> **The problem**:
Leaving out every picture, retype the lines below from the top through the one that contains "A Fragrant Cloud".

> **Supplied material**:
____

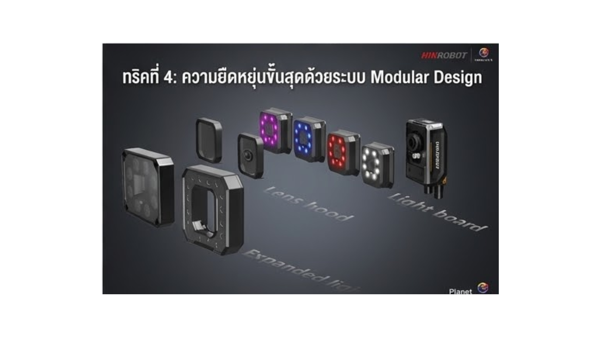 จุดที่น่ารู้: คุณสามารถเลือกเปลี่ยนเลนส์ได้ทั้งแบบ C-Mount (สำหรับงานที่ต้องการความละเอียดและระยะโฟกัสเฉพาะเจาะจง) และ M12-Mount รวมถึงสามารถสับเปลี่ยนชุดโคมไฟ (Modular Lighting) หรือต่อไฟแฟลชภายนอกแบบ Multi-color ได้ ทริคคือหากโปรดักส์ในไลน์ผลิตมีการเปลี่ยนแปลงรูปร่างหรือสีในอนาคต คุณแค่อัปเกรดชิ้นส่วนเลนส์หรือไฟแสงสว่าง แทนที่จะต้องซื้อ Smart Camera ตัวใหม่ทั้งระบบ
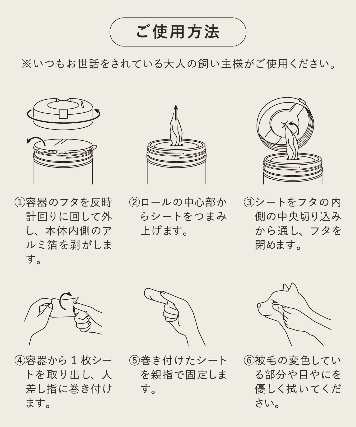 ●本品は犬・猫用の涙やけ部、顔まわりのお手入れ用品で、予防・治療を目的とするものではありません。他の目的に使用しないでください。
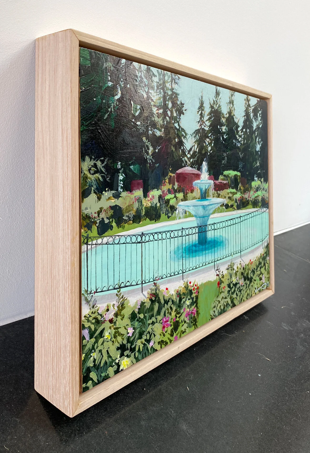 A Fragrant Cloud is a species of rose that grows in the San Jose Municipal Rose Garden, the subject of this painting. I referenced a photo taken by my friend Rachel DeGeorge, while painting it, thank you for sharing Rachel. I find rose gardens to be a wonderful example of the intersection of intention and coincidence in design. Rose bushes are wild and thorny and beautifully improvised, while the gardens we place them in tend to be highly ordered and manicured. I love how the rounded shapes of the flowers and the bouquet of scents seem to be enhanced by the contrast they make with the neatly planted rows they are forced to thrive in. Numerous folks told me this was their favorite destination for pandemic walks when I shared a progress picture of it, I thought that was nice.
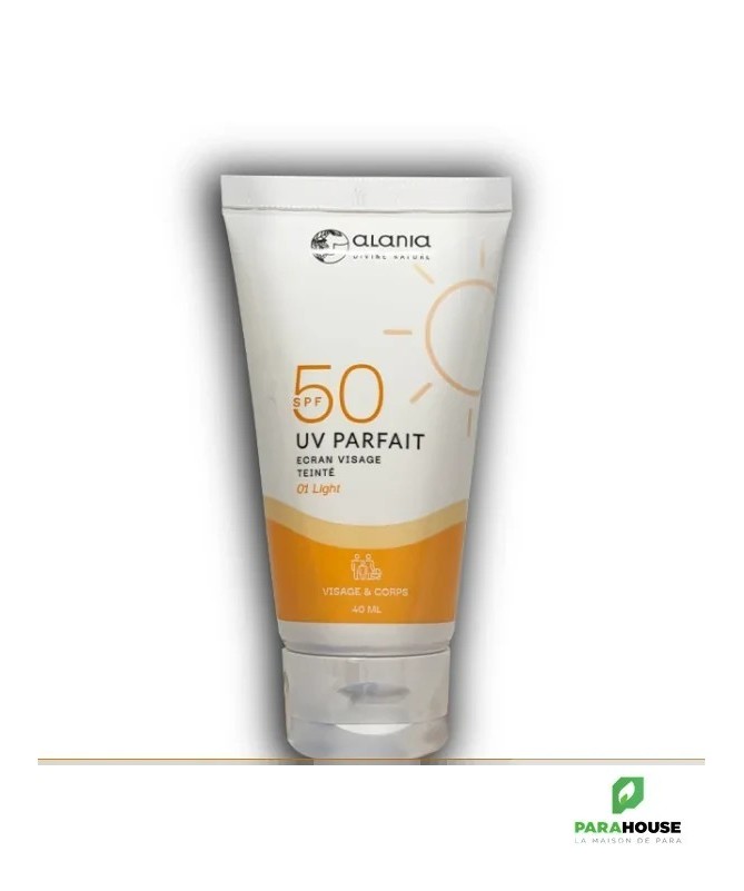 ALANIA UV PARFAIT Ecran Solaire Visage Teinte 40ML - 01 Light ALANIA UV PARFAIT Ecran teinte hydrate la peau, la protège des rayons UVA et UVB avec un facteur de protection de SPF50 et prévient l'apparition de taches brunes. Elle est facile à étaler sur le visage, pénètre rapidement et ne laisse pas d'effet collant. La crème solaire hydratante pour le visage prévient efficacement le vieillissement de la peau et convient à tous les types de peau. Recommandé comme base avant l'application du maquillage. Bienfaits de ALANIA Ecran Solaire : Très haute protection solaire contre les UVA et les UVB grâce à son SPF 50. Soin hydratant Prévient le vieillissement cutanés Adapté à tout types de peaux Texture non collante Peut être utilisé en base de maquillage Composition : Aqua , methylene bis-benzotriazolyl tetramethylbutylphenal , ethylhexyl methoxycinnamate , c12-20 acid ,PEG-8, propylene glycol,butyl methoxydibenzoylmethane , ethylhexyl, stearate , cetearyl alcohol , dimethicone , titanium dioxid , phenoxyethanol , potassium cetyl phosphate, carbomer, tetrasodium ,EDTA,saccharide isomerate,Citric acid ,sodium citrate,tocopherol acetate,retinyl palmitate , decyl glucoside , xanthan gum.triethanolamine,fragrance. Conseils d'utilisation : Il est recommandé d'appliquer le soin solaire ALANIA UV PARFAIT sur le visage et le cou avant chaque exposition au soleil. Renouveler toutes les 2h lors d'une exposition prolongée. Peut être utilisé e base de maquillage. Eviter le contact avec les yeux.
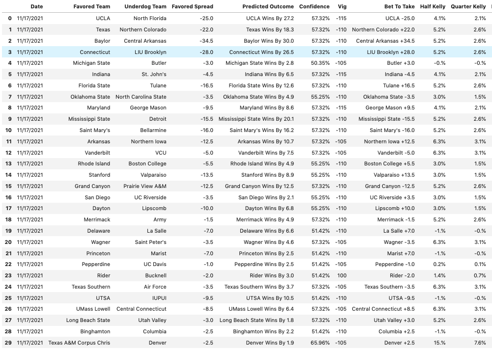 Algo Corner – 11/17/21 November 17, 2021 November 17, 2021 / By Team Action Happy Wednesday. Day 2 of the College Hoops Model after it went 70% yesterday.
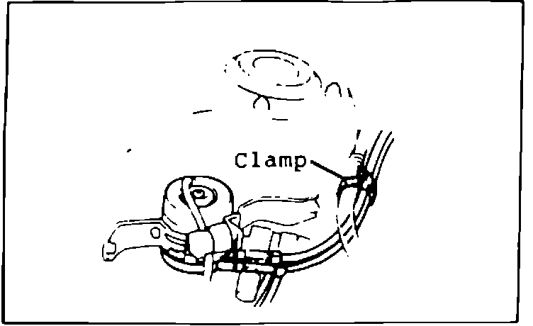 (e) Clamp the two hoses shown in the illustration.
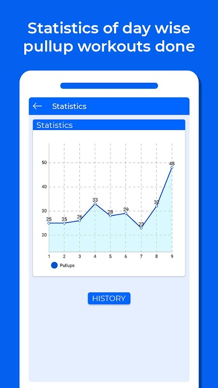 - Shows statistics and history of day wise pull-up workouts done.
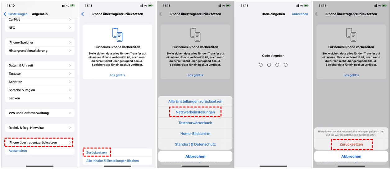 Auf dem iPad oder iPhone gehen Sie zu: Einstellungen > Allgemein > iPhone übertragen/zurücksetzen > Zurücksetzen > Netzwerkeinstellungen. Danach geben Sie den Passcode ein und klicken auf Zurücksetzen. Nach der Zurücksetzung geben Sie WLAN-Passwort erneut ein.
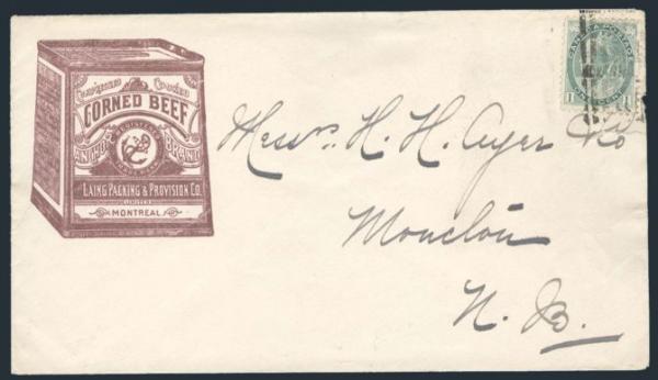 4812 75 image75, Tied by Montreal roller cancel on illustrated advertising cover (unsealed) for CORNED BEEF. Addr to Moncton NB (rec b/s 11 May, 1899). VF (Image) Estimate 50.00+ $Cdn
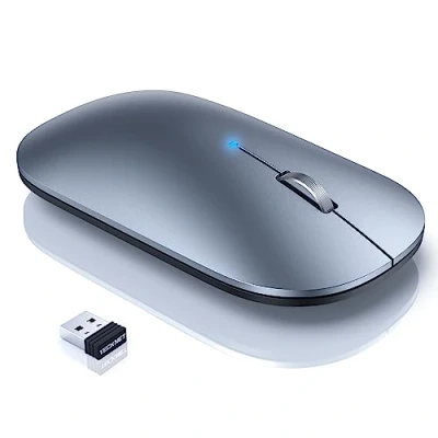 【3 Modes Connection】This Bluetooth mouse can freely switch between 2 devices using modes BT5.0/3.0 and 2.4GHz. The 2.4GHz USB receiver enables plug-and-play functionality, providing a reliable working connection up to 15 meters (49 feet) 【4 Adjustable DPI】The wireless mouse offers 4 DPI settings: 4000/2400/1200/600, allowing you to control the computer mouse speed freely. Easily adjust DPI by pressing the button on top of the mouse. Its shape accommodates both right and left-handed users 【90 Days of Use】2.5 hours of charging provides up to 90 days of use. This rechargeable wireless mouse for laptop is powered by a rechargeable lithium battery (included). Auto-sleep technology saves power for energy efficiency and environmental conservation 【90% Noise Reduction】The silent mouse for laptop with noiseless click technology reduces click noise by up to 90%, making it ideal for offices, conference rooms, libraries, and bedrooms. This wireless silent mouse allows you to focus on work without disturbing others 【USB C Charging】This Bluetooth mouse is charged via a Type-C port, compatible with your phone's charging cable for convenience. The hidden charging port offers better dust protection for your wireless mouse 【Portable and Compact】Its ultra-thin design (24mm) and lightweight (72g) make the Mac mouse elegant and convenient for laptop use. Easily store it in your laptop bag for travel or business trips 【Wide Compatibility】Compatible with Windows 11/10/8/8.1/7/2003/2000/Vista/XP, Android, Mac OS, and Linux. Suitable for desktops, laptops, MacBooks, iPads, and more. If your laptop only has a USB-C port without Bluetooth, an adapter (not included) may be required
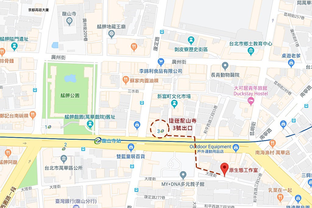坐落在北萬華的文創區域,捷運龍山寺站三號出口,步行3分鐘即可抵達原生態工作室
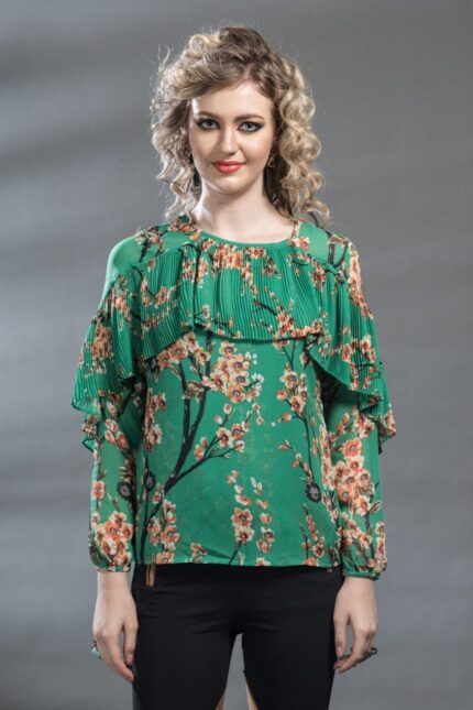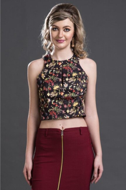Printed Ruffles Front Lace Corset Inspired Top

____

> **Reply**:
 จุดที่น่ารู้: คุณสามารถเลือกเปลี่ยนเลนส์ได้ทั้งแบบ C-Mount (สำหรับงานที่ต้องการความละเอียดและระยะโฟกัสเฉพาะเจาะจง) และ M12-Mount รวมถึงสามารถสับเปลี่ยนชุดโคมไฟ (Modular Lighting) หรือต่อไฟแฟลชภายนอกแบบ Multi-color ได้ ทริคคือหากโปรดักส์ในไลน์ผลิตมีการเปลี่ยนแปลงรูปร่างหรือสีในอนาคต คุณแค่อัปเกรดชิ้นส่วนเลนส์หรือไฟแสงสว่าง แทนที่จะต้องซื้อ Smart Camera ตัวใหม่ทั้งระบบ
 ●本品は犬・猫用の涙やけ部、顔まわりのお手入れ用品で、予防・治療を目的とするものではありません。他の目的に使用しないでください。
 A Fragrant Cloud is a species of rose that grows in the San Jose Municipal Rose Garden, the subject of this painting. I referenced a photo taken by my friend Rachel DeGeorge, while painting it, thank you for sharing Rachel. I find rose gardens to be a wonderful example of the intersection of intention and coincidence in design. Rose bushes are wild and thorny and beautifully improvised, while the gardens we place them in tend to be highly ordered and manicured. I love how the rounded shapes of the flowers and the bouquet of scents seem to be enhanced by the contrast they make with the neatly planted rows they are forced to thrive in. Numerous folks told me this was their favorite destination for pandemic walks when I shared a progress picture of it, I thought that was nice.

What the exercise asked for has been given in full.